Overparameterized neural networks (NNs) are observed to generalize well even when trained to perfectly fit noisy data. This phenomenon motivated a large body of work on "benign overfitting", where interpolating predictors achieve near-optimal performance. Recently, it was conjectured and empirically observed that the behavior of NNs is often better described as "tempered overfitting", where the performance is non-optimal yet also non-trivial, and degrades as a function of the noise level. However, a theoretical justification of this claim for non-linear NNs has been lacking so far. In this work, we provide several results that aim at bridging these complementing views.
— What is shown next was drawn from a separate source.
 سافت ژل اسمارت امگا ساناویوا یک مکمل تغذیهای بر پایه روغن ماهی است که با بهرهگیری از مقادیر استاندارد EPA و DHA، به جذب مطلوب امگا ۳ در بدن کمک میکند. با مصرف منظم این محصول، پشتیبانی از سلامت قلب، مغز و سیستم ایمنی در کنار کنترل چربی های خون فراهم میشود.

We study a simple classification setting with 2-layer ReLU NNs, and prove that under various assumptions, the type of overfitting transitions from tempered in the extreme case of one-dimensional data, to benign in high dimensions. Thus, we show that the input dimension has a crucial role on the type of overfitting in this setting, which we also validate empirically for intermediate dimensions. Overall, our results shed light on the intricate connections between the dimension, sample size, architecture and training algorithm on the one hand, and the type of resulting overfitting on the other hand.
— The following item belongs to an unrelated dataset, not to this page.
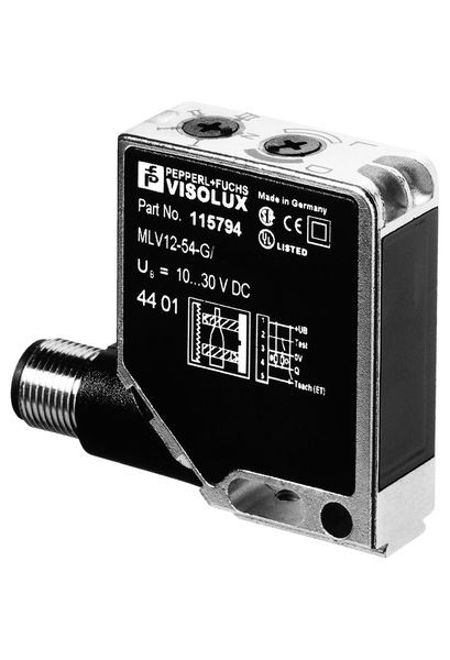 Reflexionslichtschranke für Glaserkennung, Kleine Bauform, Reichweite 5,6 m, Rotlicht, Hell-/Dunkelschaltung, PNP-Ausgang, externes TEACH-IN, Stecker M12, Lichtschrankenserie im weit verbreiteten Standardgehäuse, Zuverlässige Erfassung spiegelnder Objekte und Klarglas, Teach-In Schalter zur Einstellung der Kontrasterkennungsstufen, Automatische Nachregelung bei Verschmutzung im Kontrasterkennungsbetrieb, Hohe Stabilität durch Metallgehäuserahmen

翻译：过参数化神经网络（NNs）即使在完美拟合含噪数据训练时，也能展现出良好的泛化能力。这一现象催生了大量关于"良性过拟合"的研究工作，其中插值预测器能够达到近最优性能。近期，有研究推测并通过实验观察到，神经网络的行为通常更适合用"适度过拟合"来描述——其性能虽非最优但也非平凡，且随噪声水平增加而退化。然而，目前对于非线性神经网络这一论断的理论证明仍然缺失。在本工作中，我们提出了若干旨在弥合这两种互补视角的研究成果。我们研究了包含两层ReLU神经网络的简单分类场景，并证明在各种假设条件下，过拟合类型会从极端一维数据情况下的适度过拟合，转变为高维数据下的良性过拟合。因此，我们揭示了输入维度在此设定中对过拟合类型的关键作用，并通过中间维度的实证研究进一步验证了这一发现。总体而言，我们的研究结果阐明了维度、样本量、网络架构及训练算法与最终过拟合类型之间错综复杂的关联关系。